Discrete maths

**kodirl** · August 8th 2006, 10:40 AM

suppose that f:N->N and g:N->N are defined by f(n)=nto the power of 3 and g(n)=n to the power of 2 for each natural number n.Show that gof not equal to fog.

**ThePerfectHacker** · August 8th 2006, 11:15 AM

Originally Posted by kodirl

suppose that f:N->N and g:N->N are defined by f(n)=nto the power of 3 and g(n)=n to the power of 2 for each natural number n.Show that gof not equal to fog.

$f=\{ (n,n^3)|n\in \mathbb{N} \}$
$g=\{ (n,n^2)|n \in \mathbb{N}\}$
Then,
$fg=f(n^2), n\in \mathbb{N}=n^6, n\in \mathbb{N}$
Also,
$gf=g(n^3), n\in \mathbb{N}=n^6, n\in \mathbb{N}$
Thus,
$gf=fg$
Thus, saying that they are no equal is wrong.

**kodirl** · August 9th 2006, 03:37 AM

Is that the actual answer and how it should be wrtten?

**OReilly** · August 9th 2006, 04:53 AM

Originally Posted by kodirl

Is that the actual answer and how it should be wrtten?

It should be writen as PerfectHacker wrote it!

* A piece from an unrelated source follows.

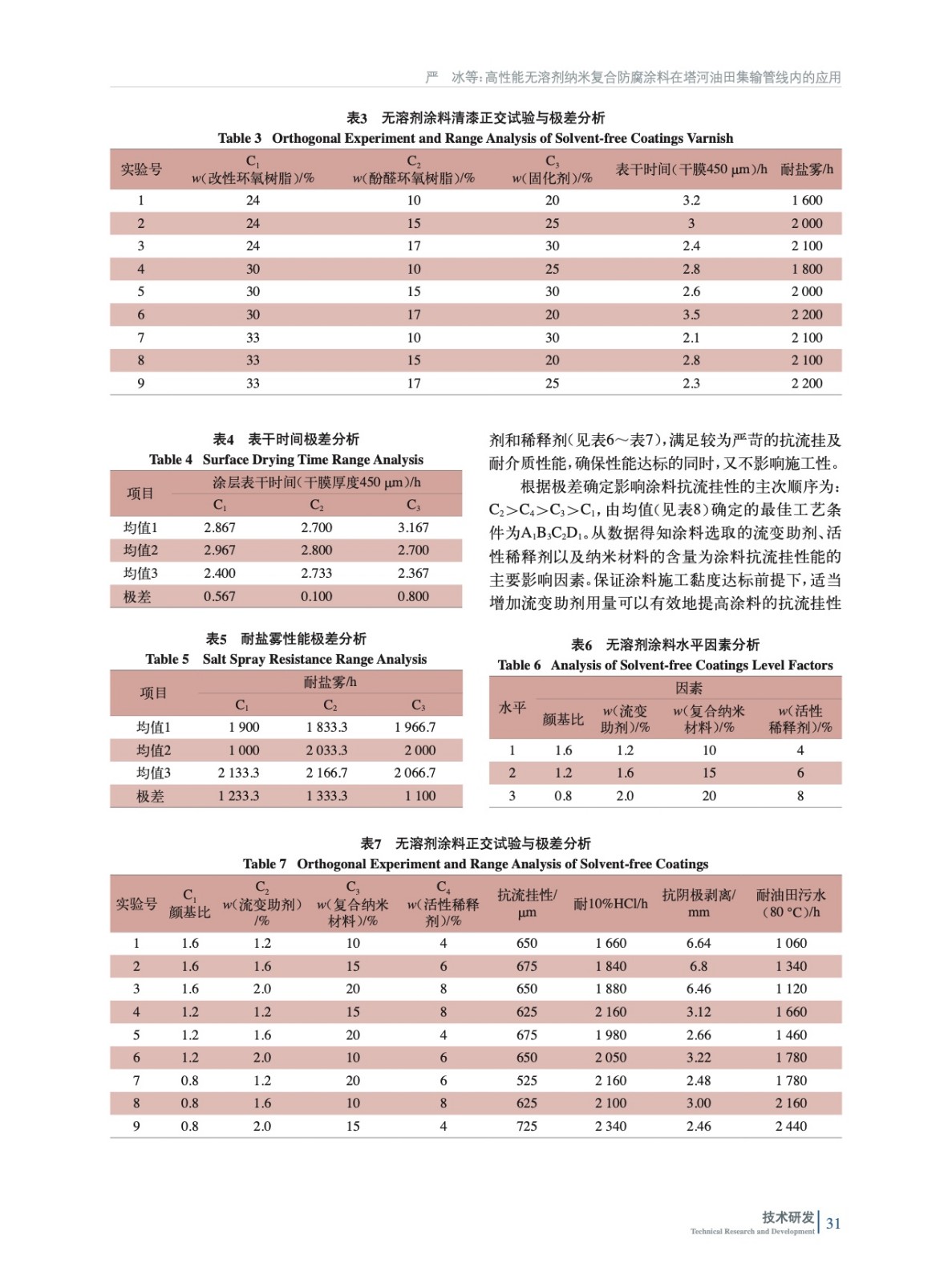 摘要:介紹了針對塔河油田集輸管線采出液高CO2、高H2S、高H2O、高Cl-、高礦化度、低pH值的“五高一低”高腐蝕性及集輸工況高溫、高壓的特點,采用正交試驗,根據(jù)極差數(shù)據(jù)離散分析開發(fā)出一款高性能無溶劑納米防腐涂料,專門適用于管道內(nèi)防腐,各項性能遠高于油田行業(yè)標準。
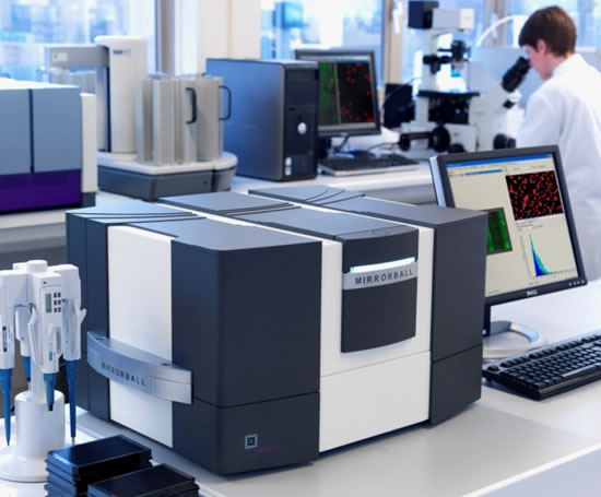 Mirrorball是第一臺能夠完成多重激光同時掃描的儀器,能夠同時將不同熒光關聯(lián)起來。當使用不同的熒光染料的時候,特別是應用在抗體篩選的實驗時候,這種特性就能提供卓越的多重熒光的檢測能力,包括同時檢測多種抗原或者同時檢測不同標記的細胞表面抗原的能力(例如,野生型和轉基因細胞系)。

**Colette** · August 11th 2006, 02:21 AM

Suppose that f:N->N and g:N-> are defined by f(n)=n^3 and g(n)=n^2 for each natural number n.Show that gof is not equal fog????

**Soroban** · August 11th 2006, 05:26 AM

Hello, Colette!

Is there a typo in the problem? . . . The statement is wrong.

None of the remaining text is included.